- WORK REQUEST:
Up to and including the line that contains "In a bowl, add", write out every line of the entries exactly, beginning with the first. Omit the pictures.

- SUPPLIED ENTRIES:
◆ ◆ ◆ ◆

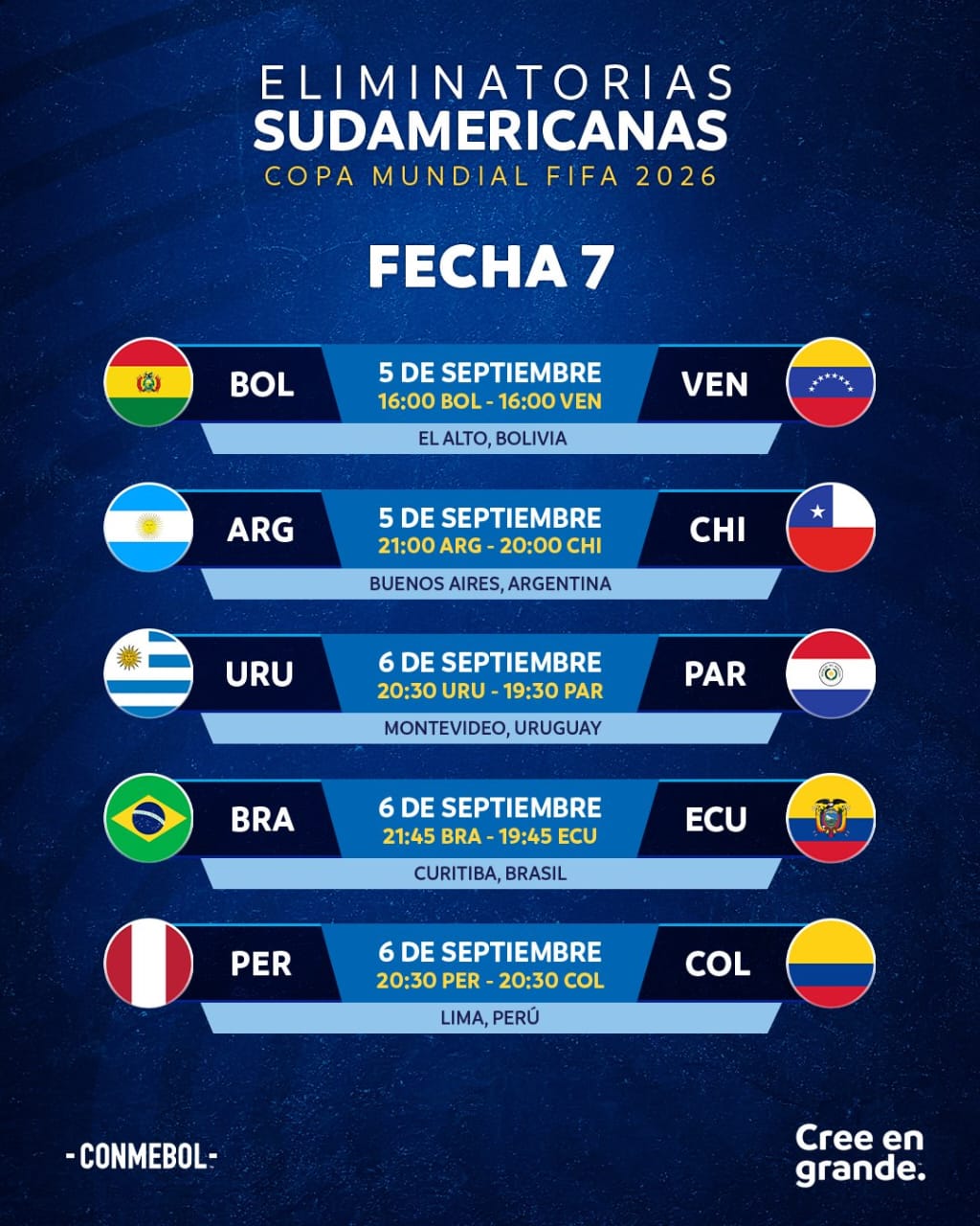 Después de una buena Copa América vuelven las eliminatorias en Conmebol para el Mundial 2026 en Norteamérica, en este mes de Septiembre, los horarios fueron confirmados por la Confederación Sudamericana, se disputaran los juegos entre el Jueves y Viernes de la semana en curso.
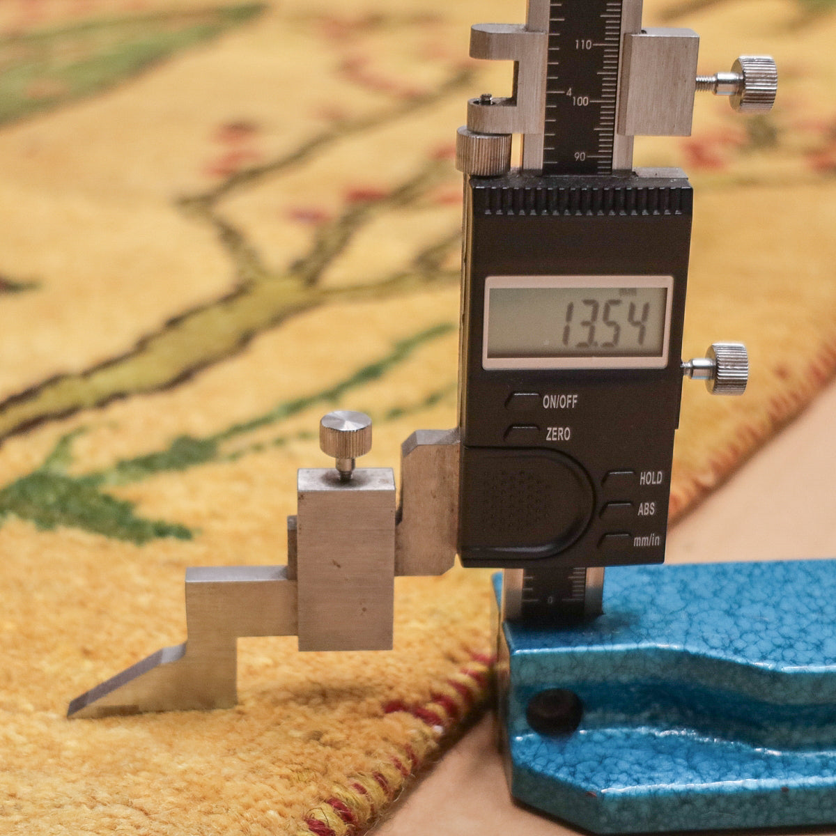 ルリ族の織る「ルリバフ」と呼ばれるギャッベです。織りは、10cmあたり、およそ40から45目という普通のギャッベの数倍にもなる大変細かなルリバフ。細かく繊細なデザインで手触りはふわりと柔らか。やんわりと沈み込む踏み心地です。腕の良い選りすぐられた織り子だけが手掛ける極上の手仕事です。
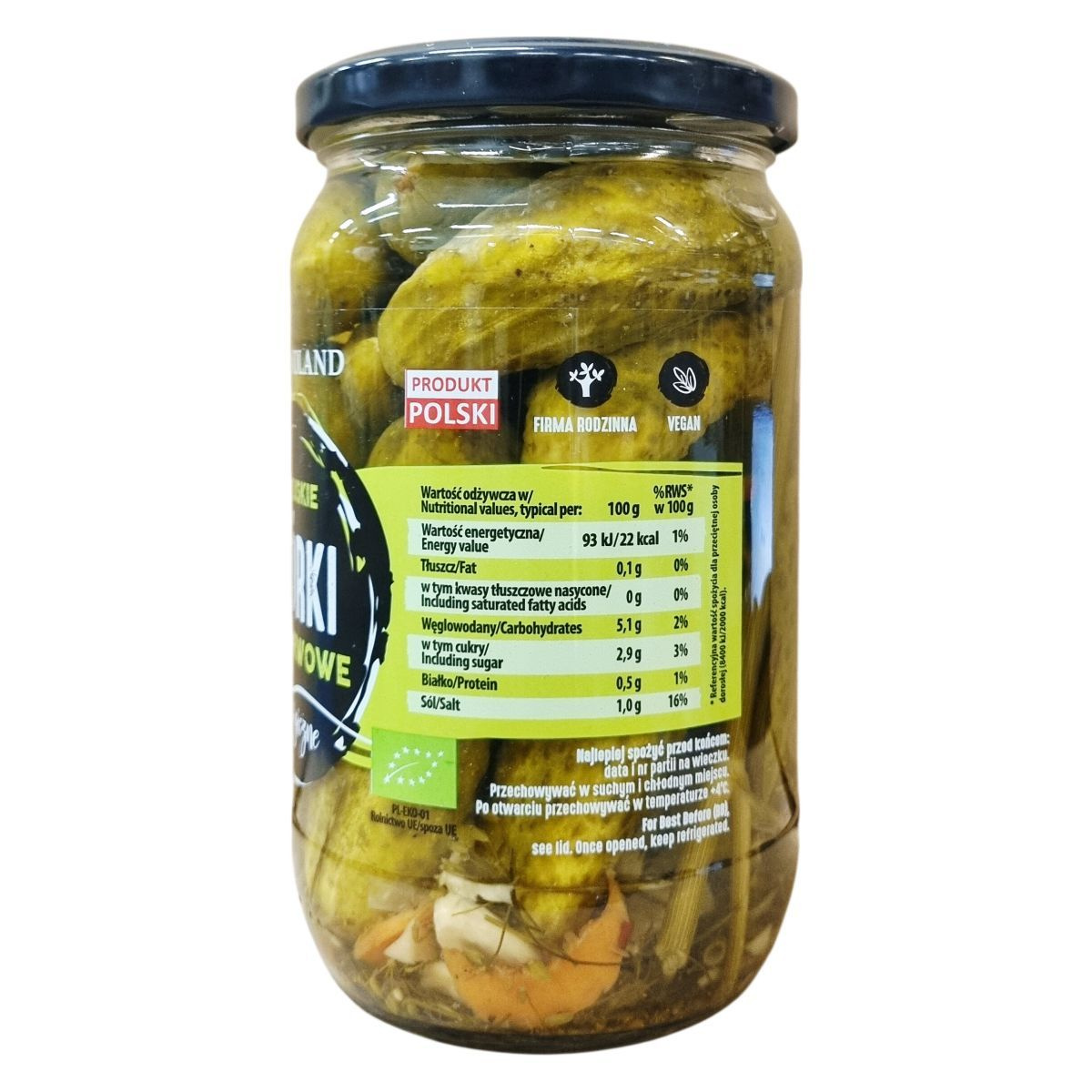 A termék Lengyelországban készült organikus összetevőkből, többek között bio uborkából, vízből, ecetből, paprikából, nádcukorból, hagymából, sóból, répából, tormából, kaporból, fokhagymából, fűszerekből (mint a mustár), melyeket tartósításhoz pasztőrözéssel kezeltek. Nettó súlya 670 g, a szűrt tömeg 360 g. A termék megfelel az Európai Unió ökológiai gazdálkodás szabályainak (PL-EKO-01) és vegán, valamint bio minősítésű. Ideális olyan fogyasztók számára, akik egészségtudatosan táplálkoznak, allergénmentesen vagy speciális étrendet követnek. Felbontás után ajánlott hűtőszekrényben tárolni, és száraz, hideg helyet igényel eredeti csomagolásban.
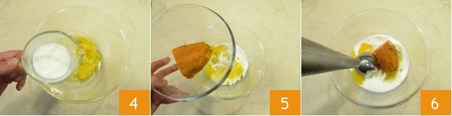 In a bowl, add the eggs along with the milk 4, add the cooked sweet potato 5, and blend everything with an immersion blender 6.
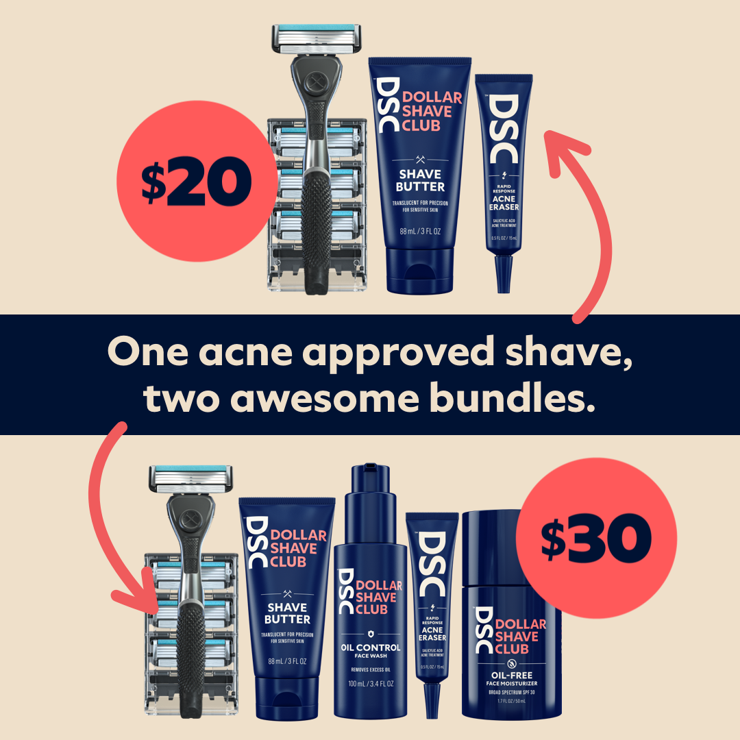> "Square 1:1 ad visual at 2K resolution. Horizontal split layout with a neutral cream background. Top section features a 3-product shaving kit (razor, shave butter, acne spot treatment) with a bright coral circle displaying '$20'. Bottom section features a 5-product expanded kit (adding face wash and moisturizer) with a coral circle displaying '$30'. A dark navy horizontal bar in the center separates the two sections. Typography: Bold, rounded sans-serif in white. Text displayed in the center bar: 'One acne approved shave, two awesome bundles.'. Use hand-drawn style coral arrows pointing from the text to the products. Studio lighting, clean product photography style."
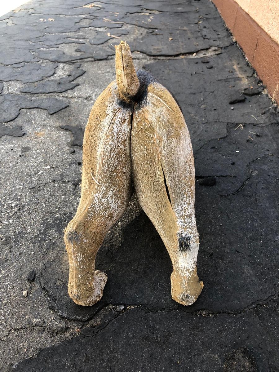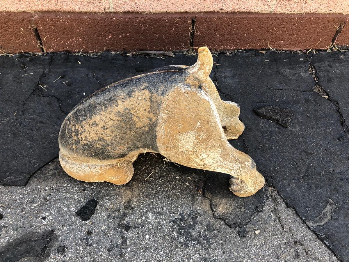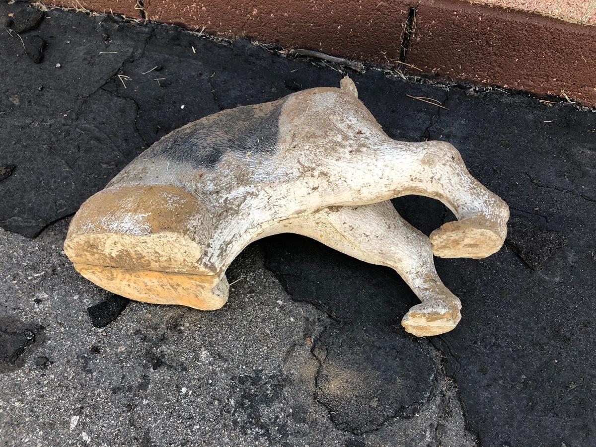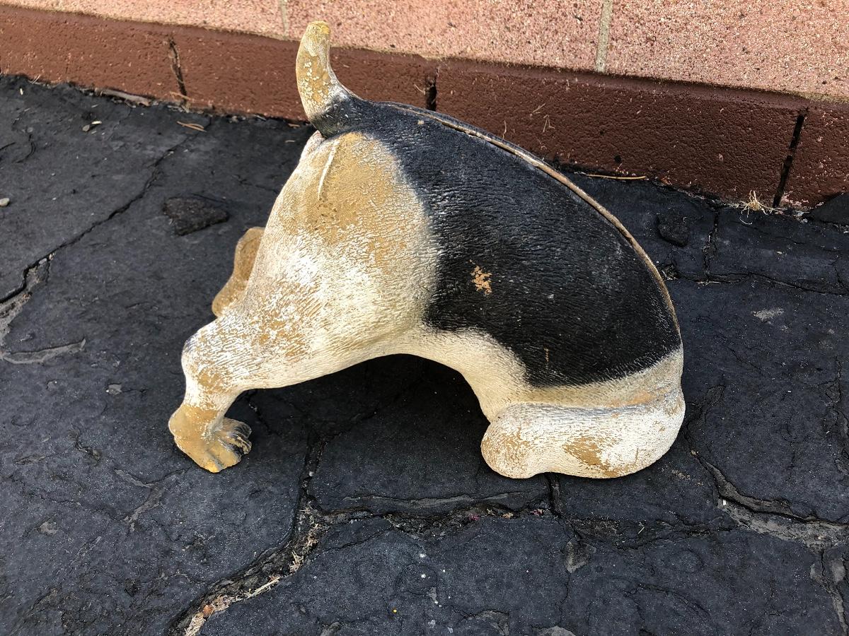 Dog digging in Dirt Garden Yard Art Statue. Weathered.
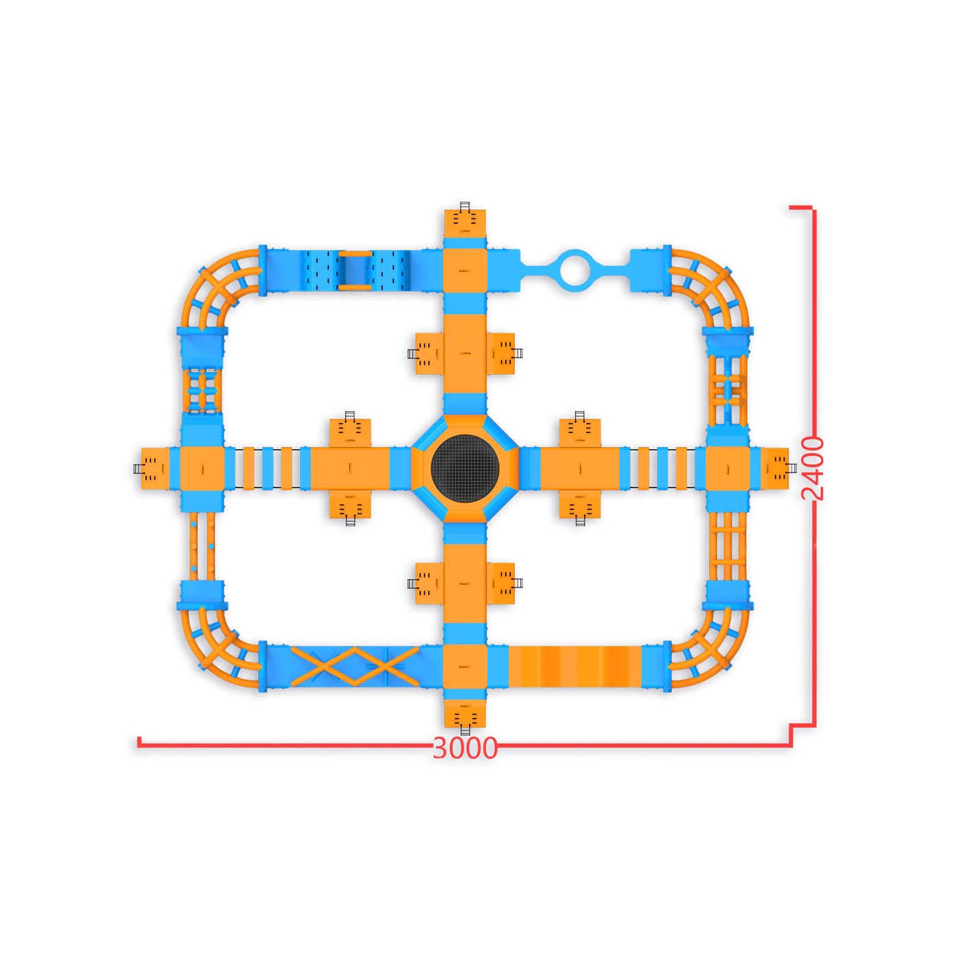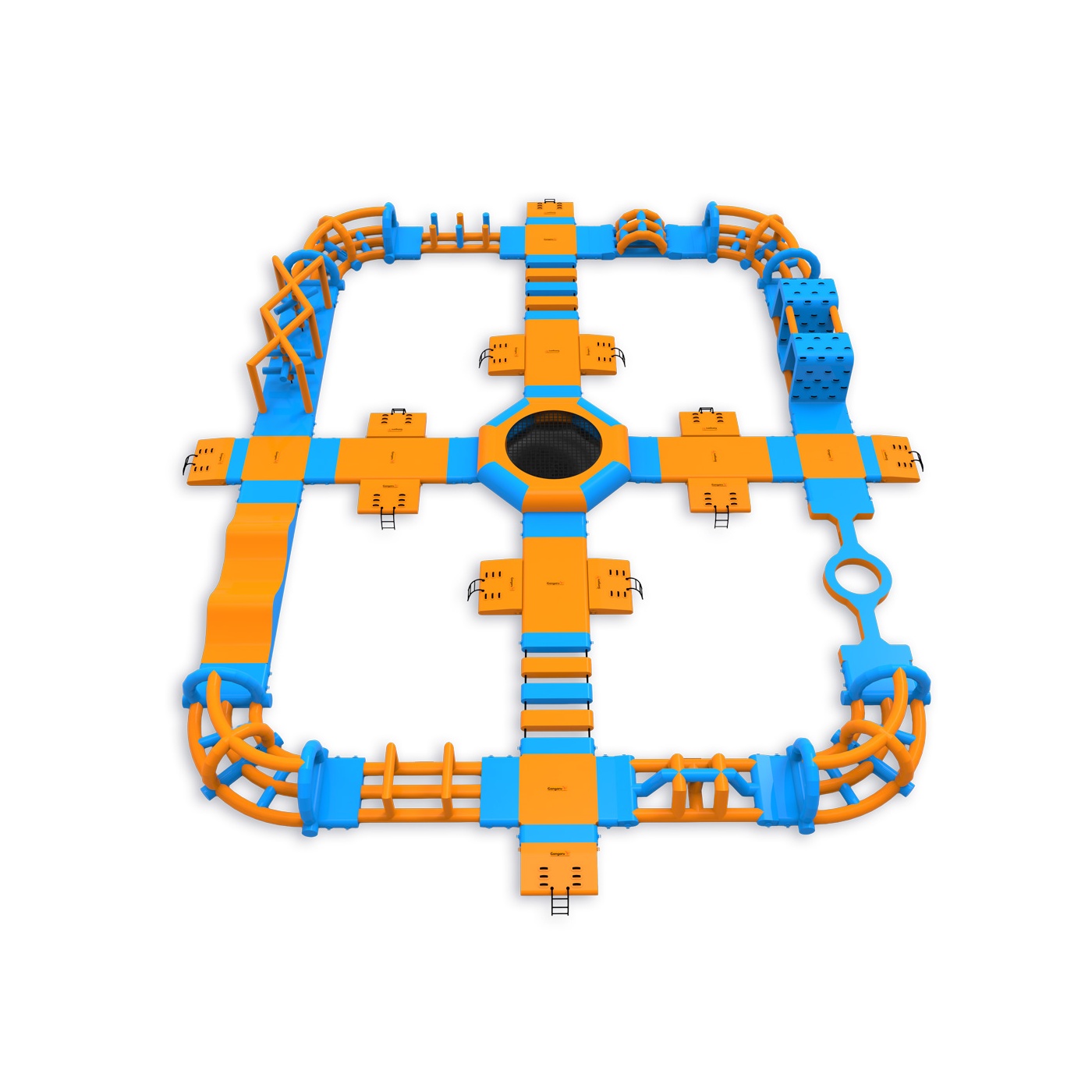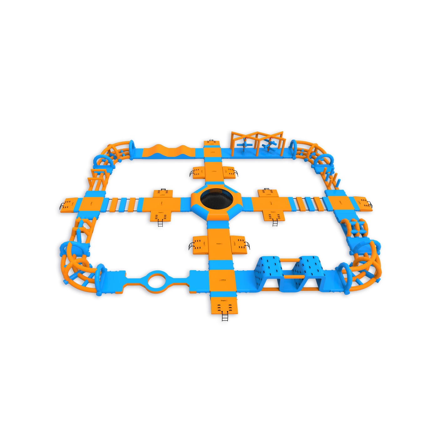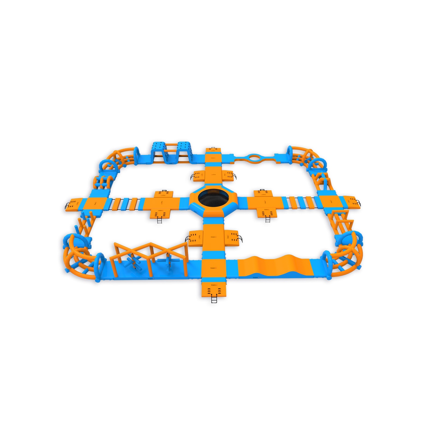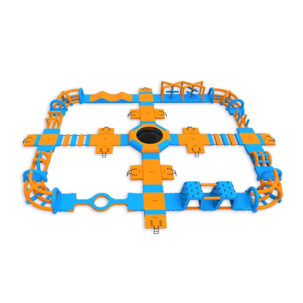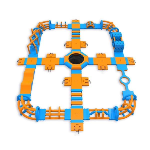A trampoline at the heart of the park - an element that attracts participants and organises movement around the entire layout. A perimeter obstacle course with platforms, climbing elements, bridges and hills provides continuous activity for groups of up to 76 people at a time. It works well on medium-sized bodies of water where high turnover and full use of the season is important.
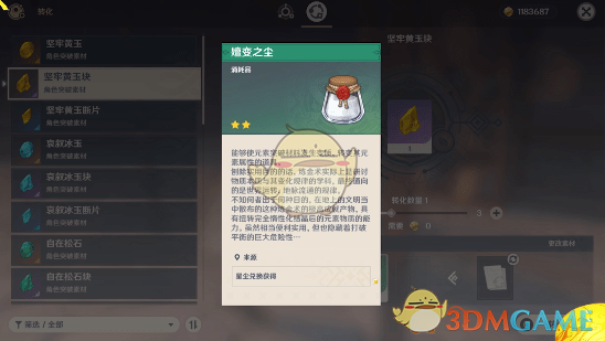海灯节活动期间,蒂玛乌斯在苦心钻研炼金术时又洞察了元素转化之力。通过“嬗变之尘”,旅行者可以在合成台把某种元素的角色突破材料转化为另一元素。对于拥有大量素材的旅行者,也可以选择使用“参量质变仪”对多余的素材进行质变。质变之后说不定有惊喜哦。

◆ ◆ ◆ ◆

- RESPONSE TO THE TASK:
 Después de una buena Copa América vuelven las eliminatorias en Conmebol para el Mundial 2026 en Norteamérica, en este mes de Septiembre, los horarios fueron confirmados por la Confederación Sudamericana, se disputaran los juegos entre el Jueves y Viernes de la semana en curso.
 ルリ族の織る「ルリバフ」と呼ばれるギャッベです。織りは、10cmあたり、およそ40から45目という普通のギャッベの数倍にもなる大変細かなルリバフ。細かく繊細なデザインで手触りはふわりと柔らか。やんわりと沈み込む踏み心地です。腕の良い選りすぐられた織り子だけが手掛ける極上の手仕事です。
 A termék Lengyelországban készült organikus összetevőkből, többek között bio uborkából, vízből, ecetből, paprikából, nádcukorból, hagymából, sóból, répából, tormából, kaporból, fokhagymából, fűszerekből (mint a mustár), melyeket tartósításhoz pasztőrözéssel kezeltek. Nettó súlya 670 g, a szűrt tömeg 360 g. A termék megfelel az Európai Unió ökológiai gazdálkodás szabályainak (PL-EKO-01) és vegán, valamint bio minősítésű. Ideális olyan fogyasztók számára, akik egészségtudatosan táplálkoznak, allergénmentesen vagy speciális étrendet követnek. Felbontás után ajánlott hűtőszekrényben tárolni, és száraz, hideg helyet igényel eredeti csomagolásban.
 In a bowl, add the eggs along with the milk 4, add the cooked sweet potato 5, and blend everything with an immersion blender 6.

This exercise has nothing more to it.